🤖 AI Summary
This study systematically investigates the practical utility and applicability boundaries of global attention mechanisms in atomic graph learning, addressing ambiguity in reported contributions arising from inconsistent implementations and hyperparameter tuning. We propose the first reproducible, modularly decoupled hybrid model benchmark framework—built upon HydraGNN—that orthogonally integrates message-passing neural networks (MPNNs), global attention, and chemical or topological encoders. Evaluated across seven diverse datasets on both regression and classification tasks, our results demonstrate that encoder-augmented MPNNs establish a strong baseline; models featuring deep local–global fusion significantly outperform others on tasks dominated by long-range interactions; and we provide the first quantitative characterization of the trade-off among accuracy gains, computational overhead, and memory cost introduced by attention mechanisms. The framework enables rigorous, controlled ablation studies and facilitates fair comparison across architectural choices in atomic graph representation learning.
📝 Abstract
Graph neural networks (GNNs) are widely used as surrogates for costly experiments and first-principles simulations to study the behavior of compounds at atomistic scale, and their architectural complexity is constantly increasing to enable the modeling of complex physics. While most recent GNNs combine more traditional message passing neural networks (MPNNs) layers to model short-range interactions with more advanced graph transformers (GTs) with global attention mechanisms to model long-range interactions, it is still unclear when global attention mechanisms provide real benefits over well-tuned MPNN layers due to inconsistent implementations, features, or hyperparameter tuning. We introduce the first unified, reproducible benchmarking framework - built on HydraGNN - that enables seamless switching among four controlled model classes: MPNN, MPNN with chemistry/topology encoders, GPS-style hybrids of MPNN with global attention, and fully fused local - global models with encoders. Using seven diverse open-source datasets for benchmarking across regression and classification tasks, we systematically isolate the contributions of message passing, global attention, and encoder-based feature augmentation.

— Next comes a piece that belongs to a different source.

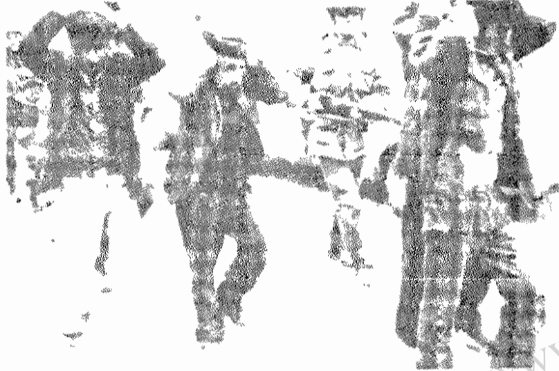
ترکیه - ۱۹۷۸

Our study shows that encoder-augmented MPNNs form a robust baseline, while fused local-global models yield the clearest benefits for properties governed by long-range interaction effects. We further quantify the accuracy - compute trade-offs of attention, reporting its overhead in memory. Together, these results establish the first controlled evaluation of global attention in atomistic graph learning and provide a reproducible testbed for future model development.